One city, 80,000 lifesavers

One city, 80,000 lifesavers

UF physician hopes bystander CPR training will improve cardiac arrest survival rate

By Matt Galnor

Gone are the days of searching for a pulse and applying mouth-to-mouth resuscitation to try to save someone.

Now there are just two simple steps: Call 911, then push hard and fast until emergency crews arrive.

It’s so simple that a physician at the UF College of Medicine-Jacksonville is leading the charge to fill the city’s EverBank Field (where the Jacksonville Jaguars play) with local residents newly trained in bystander CPR.

Joseph Sabato Jr., M.D., a UF assistant professor of emergency medicine and director of field operations and disaster management, thinks the community can get 80,000 people trained by May. That, Sabato said, would in turn increase the now 5 percent survival rate of sudden cardiac arrests in Jacksonville.

Only one-third of those people received bystander CPR, the No. 1 factor in whether a person survives. But if the entire city can be trained, the survival rate could triple to 15 percent, as it is in Seattle where there’s been a serious push to learn the life-saving skill, Sabato said.

Training takes two minutes — 90 seconds to learn it and 30 seconds to do a quick demonstration.

“It’s a little bit longer than a TV commercial — about where people’s average attention span is nowadays,” Sabato said.

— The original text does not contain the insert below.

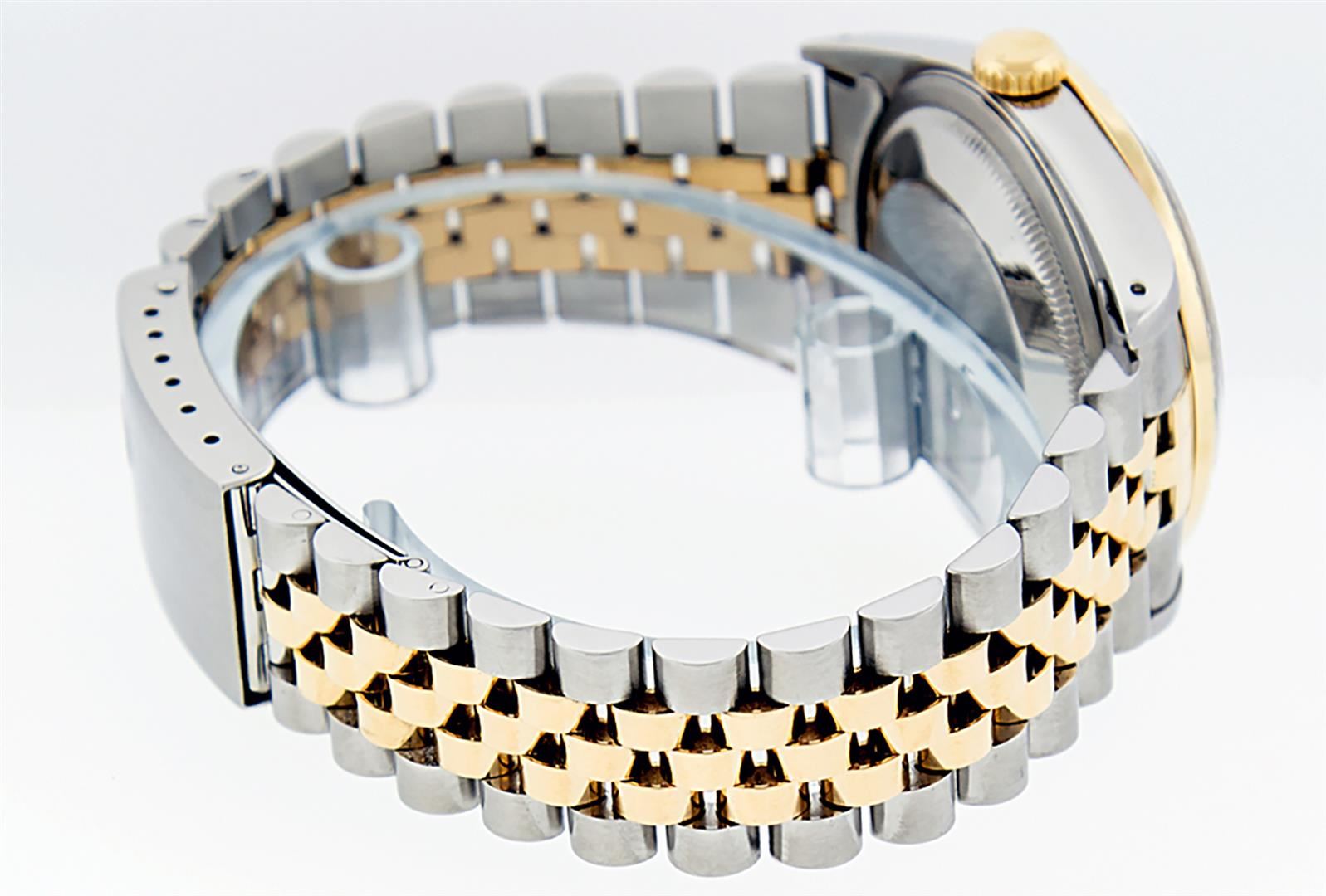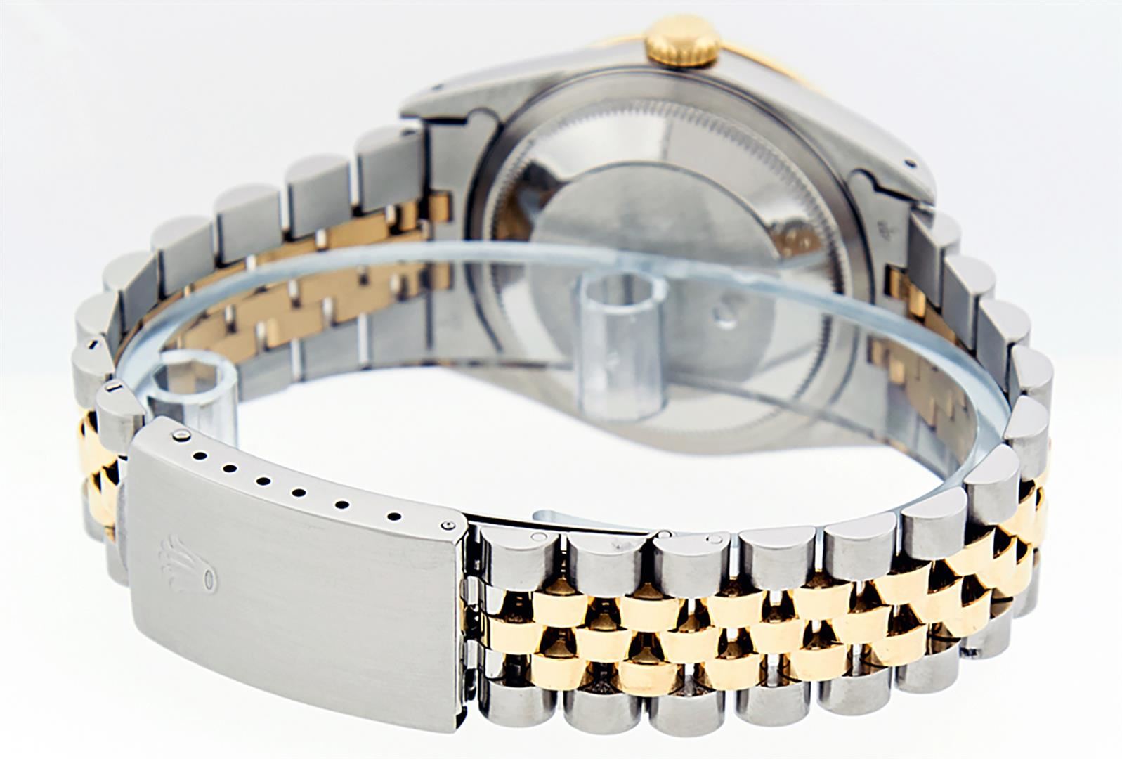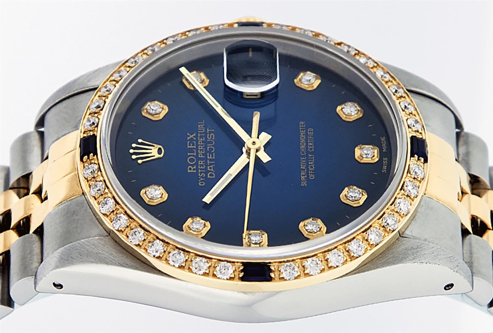 One Mens Pre Owned Rolex Yellow Gold And Steel Two Tone Rolex Datejust Polished, Serviced & Electronically Tested, Rolex Case: Yellow Gold And Stainless Steel Case: 36mm, Rolex Yellow Gold Crown, Custom Bezel: New 18K Yellow Gold Sapphire Beadset Diamond Bezel, Diamond Count: 36 Diamonds + 4 Sapphires. Custom Crystal: New Sapphire With Magnified Date Window. Custom Hands: New Luminescent Hands. Rolex Movement: Automatic Winding Movement. Custom Dial: Refinished To Blue Vignette With Custom Added Diamond Hour Markers & Dash Track. Diamond Count: 10 Diamonds, Clarity: VS, Color: G to H Date Window: 3 O'Clock Position Date Display, Quickset, Model: Datejust, Condition: G-6 Extra Fine. Rolex Bracelet: Two Tone Yellow Gold & Stainless Steel Jubilee. Bright Polish. 7.0 Inch Length, Adjustable. Standard Clasp, With Rolex Logo. This Watch Has Been Serviced Time Tested And Is In Excellent Condition It Is Free Of All Scratches And Dents.

When most people think about CPR, Sabato says their mind usually goes right to mouth-to-mouth resuscitation. There’s a natural uneasiness there, especially with today’s focus on spreading germs. But research has shown there is no need for mouth-to-mouth. The body has enough oxygen to make it six minutes and the key is to keep the heart pumping blood, Sabato said.

Although it has been 10 years since the standard changed, many people are not aware.

“It’s so simple, there’s really no reason we can’t train everyone,” Sabato said.

The effort is called Take Heart First Coast and, along with Sabato and UF, the First Coast EMS Advisory Council is taking a lead role.

Sabato will be among those taking the training show on the road throughout Jacksonville this year and getting others certified to train people as well. Last month, about 50 students at Stanton College Preparatory School were taught to be trainers. The school’s medical society has taken a lead role on the project and a mechanical engineering student has discovered a way to keep costs down using basketballs and footballs in training instead of likelike inflatable models, which cost $35.